2. Verso la «guerra civile occidentale»?
Ciò che emerge con la massima evidenza è che solo l’uso
della forza militare (o la costante minaccia di farvi ricorso) sostiene l’economia
del paese che suole ergersi a massimo garante del libero mercato. In questo
senso Paul Krugman ha usato l’espressione «economia della paura», suggerendo
come quest’ultima sia il principale lubrificante di un sistema economico
mondiale ancora incentrato sul dollaro, nonostante tutti i fattori di crisi che
ne minano la credibilità. Non c’è, ovviamente, da stupirsene. Non si
ricorderà mai abbastanza quella geniale pagina dei Quaderni nella quale
Gramsci sottolinea come «il liberismo [sia] una “regolamentazione” di
carattere statale», «un programma politico», e venga con piena consapevolezza
«introdotto e mantenuto per via legislativa e coercitiva». [1] Ciò che desta meraviglia è piuttosto il fatto
che - proprio come ai tempi di Gramsci, come se l’esperienza storica non
giovasse in alcun modo - buona parte della cosiddetta «sinistra critica»,
abbagliata dalle retoriche della «globalizzazione», abbia fatto proprie e
trasformato in dogmi formule ideologiche confutate da ogni evidenza. Risulta
difficile comprendere come teorie che discorrono di «autonomia del capitale
globale» e di «esaurimento del ruolo storico degli Stati nazionali» possano
ottenere ascolto in una fase segnata in profondità dalla guerra (cioè dalla
più pura espressione della forza degli apparati statuali) e dal primato della
politica (che, attraverso la guerra, rivendica a sé la funzione di istanza
fondamentale dei processi riproduttivi). [2]

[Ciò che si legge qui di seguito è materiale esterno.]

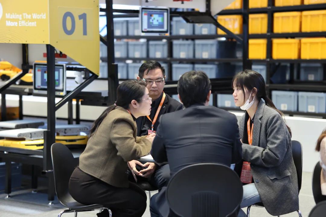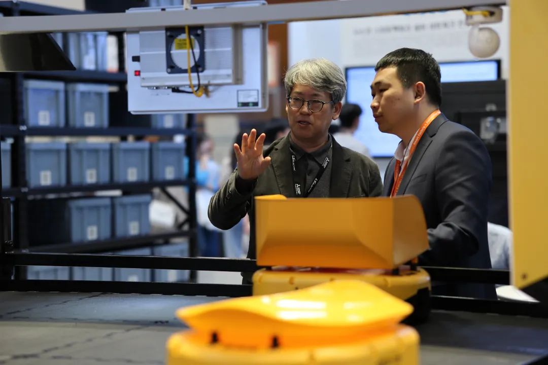 立镖作为全球领先的物流机器人解决方案供应商,此次携最新研发的AirRob飞箱系统参展,一经亮相便吸引了众多参展者的目光,纷纷驻足观看并与工作人员进行深入交流和探讨。场面一度十分火爆,展位人气居高不下!

Ma andiamo avanti e poniamoci una domanda solo in apparenza
pleonastica. Perché gli Stati Uniti considerano la crescita di altri paesi o
aree del mondo una minaccia per la loro posizione dominante? Per essere più
precisi: attraverso quali passaggi lo sviluppo economico altrui potrebbe
tradursi in una fonte di rischio per la superpotenza militare del pianeta? La
risposta, ovviamente, è intuitiva, essendo del tutto ovvio il nesso che salda
la crescita economica alla potenza politica e militare. Ma quel che conta per
noi è come tale nesso venga oggi tematizzato da parte dell’establishment
americano, in quanto negli argomenti prodotti a tale riguardo sono inscritti
precisi identikit dei potenziali «competitori globali» contro cui si dirigono
le preoccupazioni della Casa Bianca e degli stati maggiori.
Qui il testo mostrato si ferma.